Mr. Graff is also a member of the board of directors of both Assurity, a mutual insurance company and Teammates, a non-profit organization which serves students in grades 3-12 to reach their full potential through mentoring both while in school and after graduation. Previously, Mr. Graff served as a member of the Board of Directors from 2021 through 2023 of Sportsmap Tech Acquisition Corp., a publicly traded special purpose acquisition company, which completed a business combination with MultiSensor AI Holdings, Inc (f/k/a Infrared Cameras Holdings Inc.) (NASDAQ:MSAI) in December 2023.
Mr.

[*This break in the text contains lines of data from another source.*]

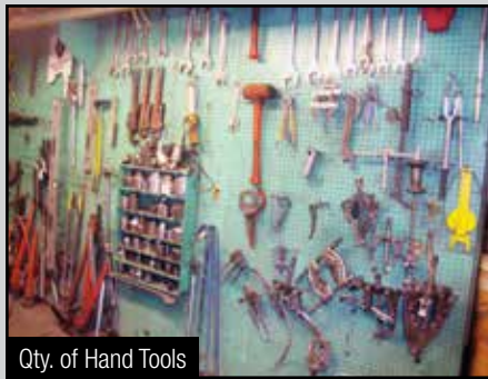
Qty. of Hand Tools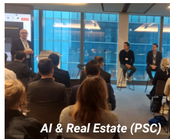
AI & Real Estate (PSC)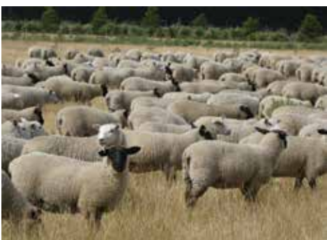
Texel Suffolk and Finn Texel twin ewe lambs. OSRS, Jan 2020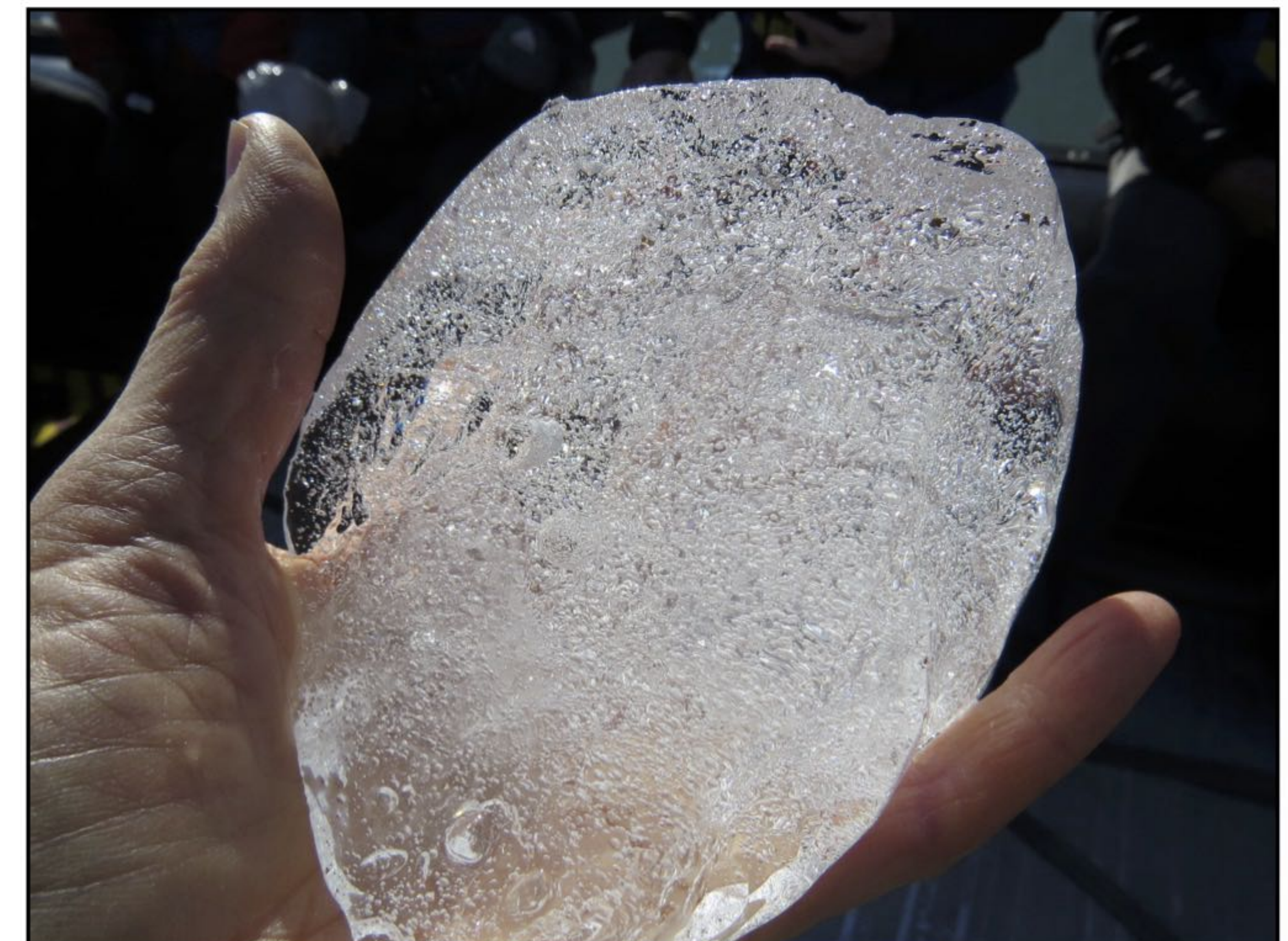
Svalbard - Recession (detail) 2014 Inkjet print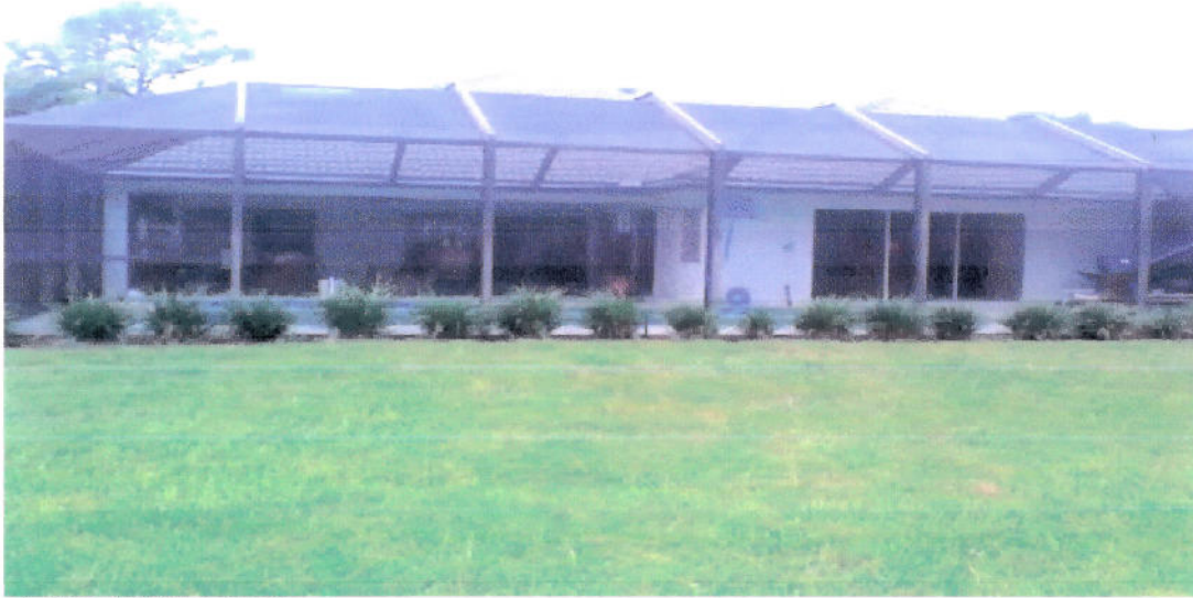
REAR VIEW 10-31-11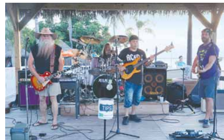
With Uncle Smokey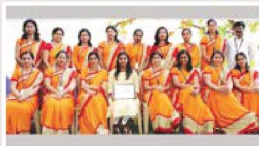
Promising Pre-Schools of Future By : Education World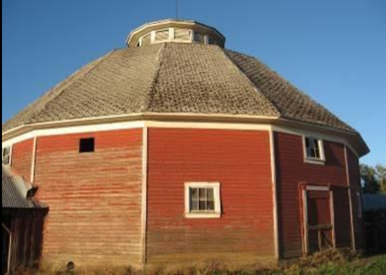
Klickitat Co. – 1915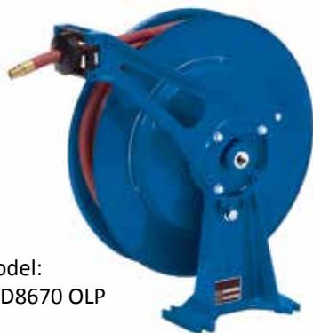
Model: HTD8670 OLP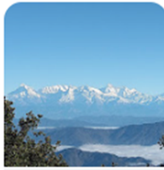
Naina Peak West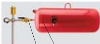
Horizontal Tank Installation with Rolairtrol Air Separator

These valves are not recommended to be used on potable water tanks.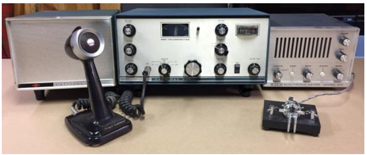
Left to Right are the National NCX-A AC Power Supply/Speaker, the National 200 HF Transceiver, and an Eico 717 Electronic Keyer that shows well with this station. Also shown are the very popular, at the time, Turner 254C "Crystal SSB Microphone." At the lower right is the much later Bencher BY-1 Keying Mechanism.

National decided to take aim at the popular Heathkit SB-100 Transceiver. They pushed the envelope in the marketplace by offering all the features of the kit-built Heathkit SB-100 in a factory assembled radio they called the National 200. It sold for the same price as the Heathkit.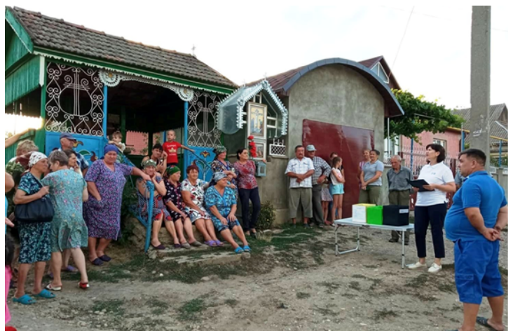
Villagers of Borogani, Leova, discuss local development priorities during consultations held within the Swiss-financed project "Mă Implic" ("I Engage")

At the same time, Switzerland assists local public authorities in diversifying their sources of funding through partnerships with migrants, private sector, and other donors, in order to improve the availability, accessibility and quality of public services delivered to people all over the country. As well, in order to enable central and local public authorities to make targeted, cost-efficient policies based on reliable evidence and demographic projections, Switzerland continues supporting the National Bureau of Statistics in modernizing the generation and dissemination of official population data at national and sub-national levels taking into account internal and international migration trends. The convergence of multiple crises put the resilience of Moldova and its population to a great test, and forced central and local public authorities to balance between operating in a short-term crisis management mode, on the one side, and pursuing the implementation of reforms with a medium-term perspective, on the other side.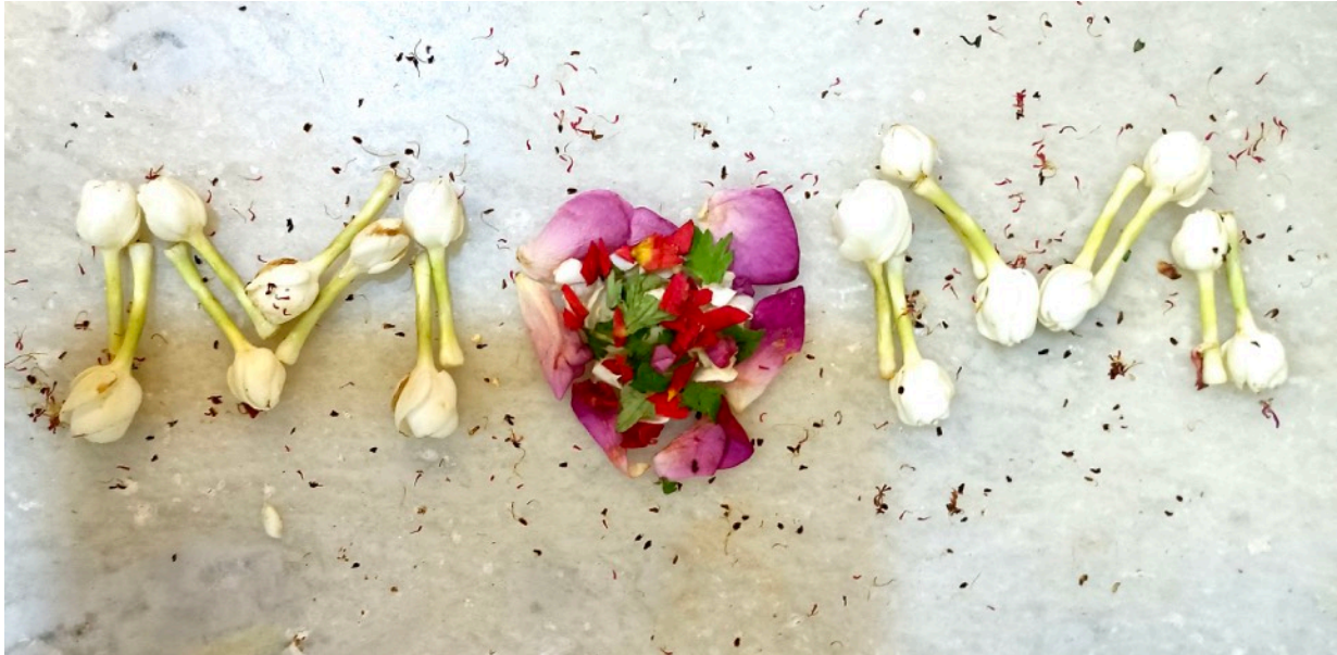
SOMEBODY PLAYED WITH FLOWERS IN THE PRAYER HALL :)

Graff received a bachelor of science degree in accounting and computer science from the University of Nebraska-Lincoln and also received his MBA from the University of Nebraska-Lincoln.
About Boston Omaha Corporation
Boston Omaha Corporation is a public holding company with four majority owned businesses engaged in outdoor advertising, broadband telecommunications services, surety insurance and asset management.
To receive Boston Omaha news, visit investor.bostonomaha.com/news.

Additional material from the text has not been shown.